Task item: Copy all records verbatim, images excluded.

Data extracts:
____________

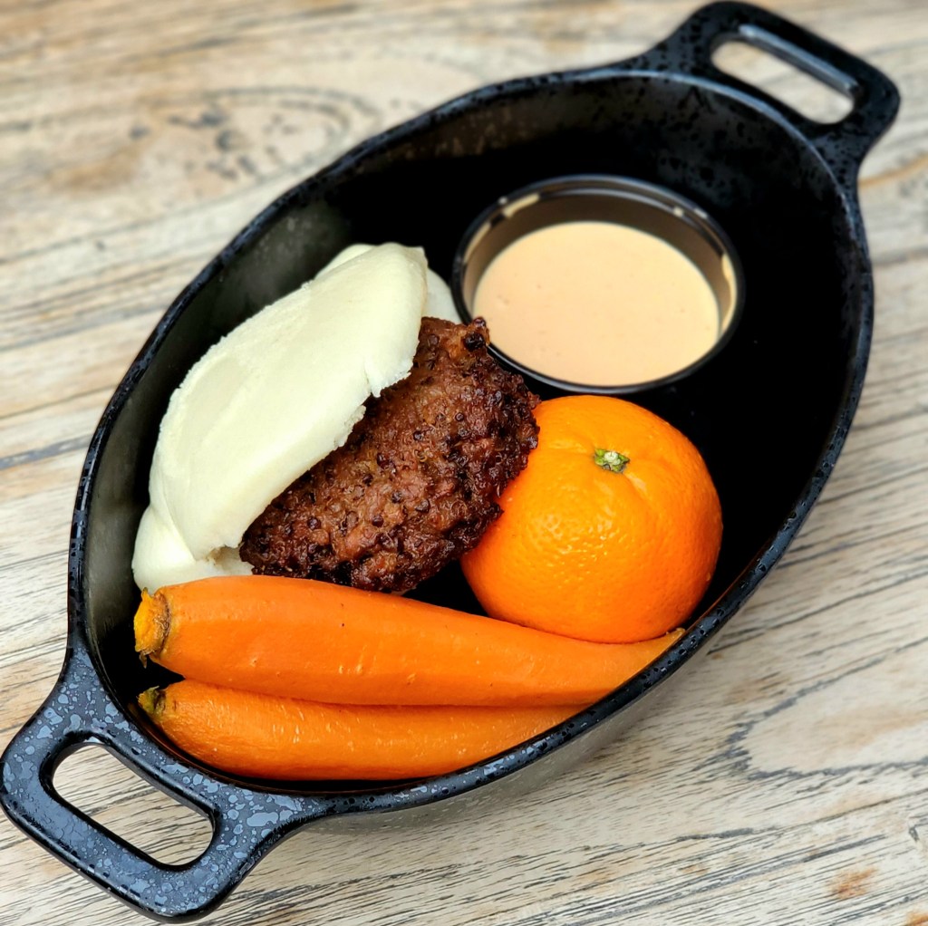 Here they have the Ithorian Garden Patty Bun, which consists of an Impossible/quinoa patty (same as the Felucian Kefta Meatballs in the adult vegan meal here) in a nice fluffy bun, a house-made vegan thousand island type sauce, steamed carrots, a cutie orange, and a beverage.
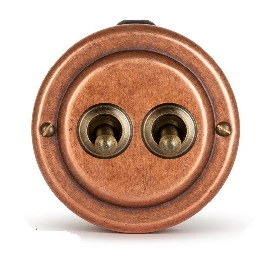 Материал корпуса: латунь, состаренная химическим методом. Цвет изделий может незначительно отличаться в зависимости от партии. Металлический корпус изолирован пластиковым подрозетником, крышка - электротехническим картоном.
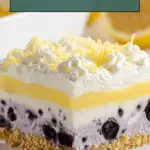 - Serve: Once chilled, slice the Lemon Blueberry Lush into 12 servings and enjoy chilled.
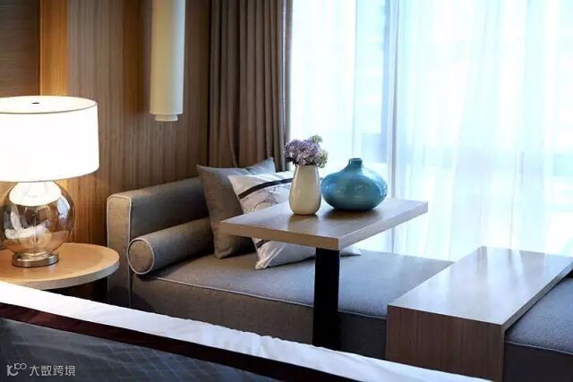 ▲卧室里齐天花板高、贴着墙壁设计了衣柜,床头的背景墙和衣柜的柜门都选择灰色木皮贴板面的材料来装饰,搭配得很得当,配着床头的海景高楼画作,时尚感十足。
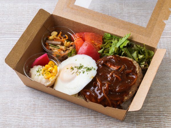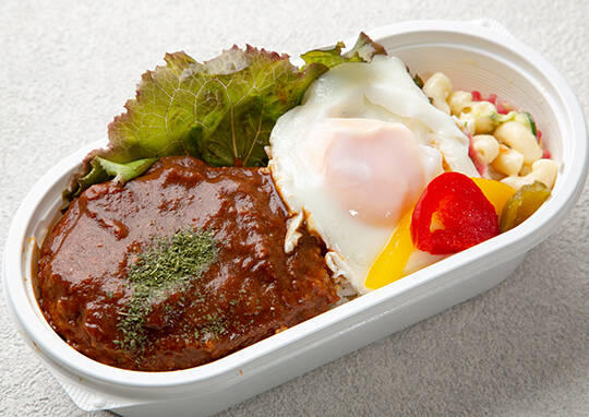 煮込みハンバーグのロコモコ弁当 864円帝塚山 肉料理幸之助 - くるめし弁当。
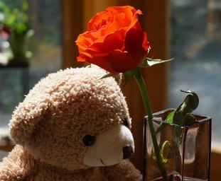 Keywords: old teddy bear with rose teddy bear toy stuffed animal orange rose rose flower blossom bloom nature garden colorful orange
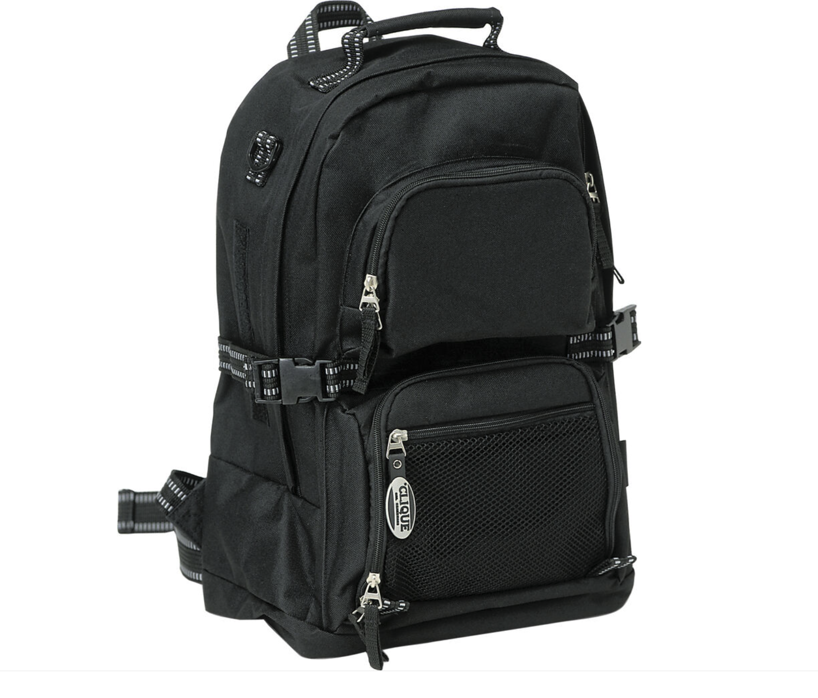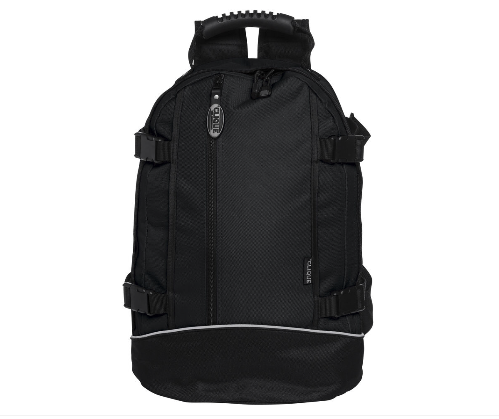 Innehåller certifierad återvunnen 900D polyester. Värdeficka med dragkedja upptill. Ficka med dragkedja på framsidan. Elastiska sidofickor. Internt vadderat laptopfodral, kompatibelt med upp till 16″. Justerbar frontstängning med dubbla spännen. Sladddragare. Dragskoförslutning. Kompressionsremmar. Vadderade justerbara axelremmar. Handtag. Justerbart bröstband
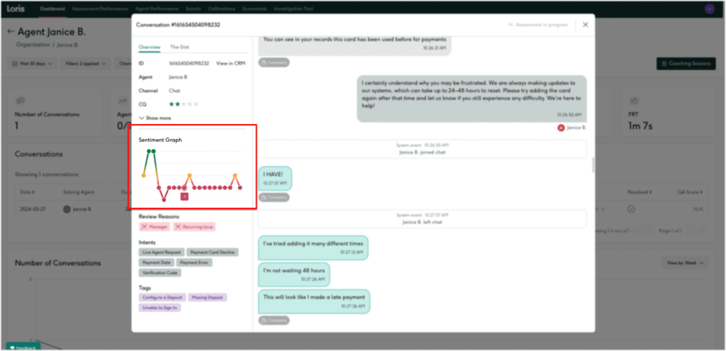 In the conversation view of our dashboard—whether it’s a live conversation or a review—you can see a sentiment map of the conversation in real-time.
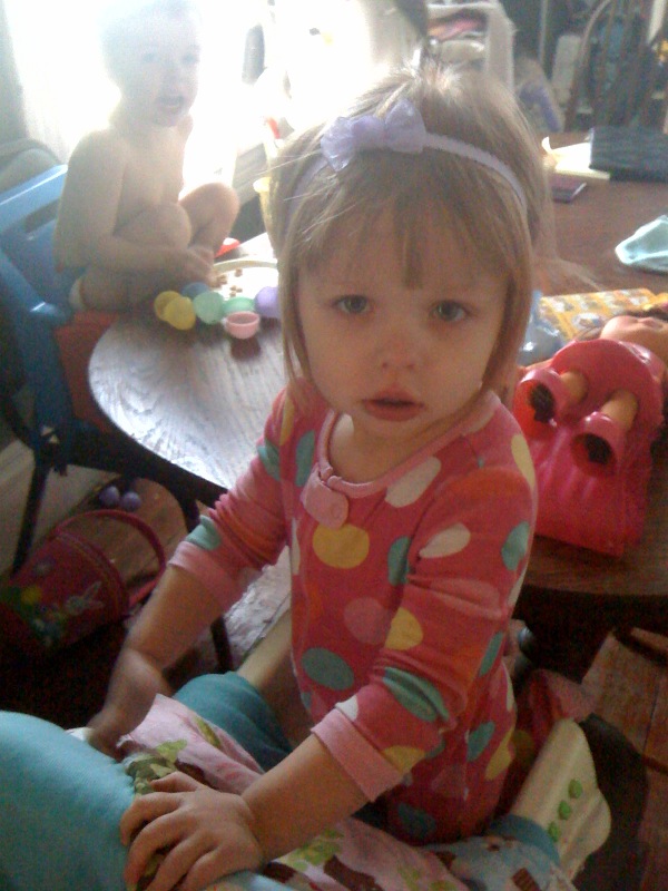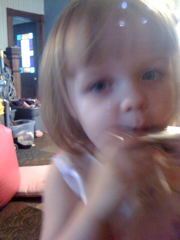 I read an article about two-year-olds, and it made me appreciate Ivy a bit more. She’ll be three in July, you know. I can’t believe it, but it’s true. Anyway, the article mentioned how two-year-olds speak in simple sentences, want to do things themselves, stuff like that. I wish I could record her talking, just so I can listen to it when I’m having a bad day in ten years, when she’s too cool to talk to me. She says things like “dee dat?” (what is that?), “meenite” (when you ask her to do something and she wants you to wait a minute while she finishes something else), “peewoes”” (pillows), and “need, mama?” (when I say her name and she didn’t catch what I wanted from her). She says “okay, fine” a lot…sometimes with attitude, and sometimes out of habit I think. I don’t take it personally anymore. She has also become very good at taking off and putting on clothes and shoes herself and being a little helper.

____________

Solved exercise:
 Here they have the Ithorian Garden Patty Bun, which consists of an Impossible/quinoa patty (same as the Felucian Kefta Meatballs in the adult vegan meal here) in a nice fluffy bun, a house-made vegan thousand island type sauce, steamed carrots, a cutie orange, and a beverage.
 Материал корпуса: латунь, состаренная химическим методом. Цвет изделий может незначительно отличаться в зависимости от партии. Металлический корпус изолирован пластиковым подрозетником, крышка - электротехническим картоном.
 - Serve: Once chilled, slice the Lemon Blueberry Lush into 12 servings and enjoy chilled.
 ▲卧室里齐天花板高、贴着墙壁设计了衣柜,床头的背景墙和衣柜的柜门都选择灰色木皮贴板面的材料来装饰,搭配得很得当,配着床头的海景高楼画作,时尚感十足。
 煮込みハンバーグのロコモコ弁当 864円帝塚山 肉料理幸之助 - くるめし弁当。
 Keywords: old teddy bear with rose teddy bear toy stuffed animal orange rose rose flower blossom bloom nature garden colorful orange
 Innehåller certifierad återvunnen 900D polyester. Värdeficka med dragkedja upptill. Ficka med dragkedja på framsidan. Elastiska sidofickor. Internt vadderat laptopfodral, kompatibelt med upp till 16″. Justerbar frontstängning med dubbla spännen. Sladddragare. Dragskoförslutning. Kompressionsremmar. Vadderade justerbara axelremmar. Handtag. Justerbart bröstband
 In the conversation view of our dashboard—whether it’s a live conversation or a review—you can see a sentiment map of the conversation in real-time.
 I read an article about two-year-olds, and it made me appreciate Ivy a bit more. She’ll be three in July, you know. I can’t believe it, but it’s true. Anyway, the article mentioned how two-year-olds speak in simple sentences, want to do things themselves, stuff like that. I wish I could record her talking, just so I can listen to it when I’m having a bad day in ten years, when she’s too cool to talk to me. She says things like “dee dat?” (what is that?), “meenite” (when you ask her to do something and she wants you to wait a minute while she finishes something else), “peewoes”” (pillows), and “need, mama?” (when I say her name and she didn’t catch what I wanted from her). She says “okay, fine” a lot…sometimes with attitude, and sometimes out of habit I think. I don’t take it personally anymore. She has also become very good at taking off and putting on clothes and shoes herself and being a little helper.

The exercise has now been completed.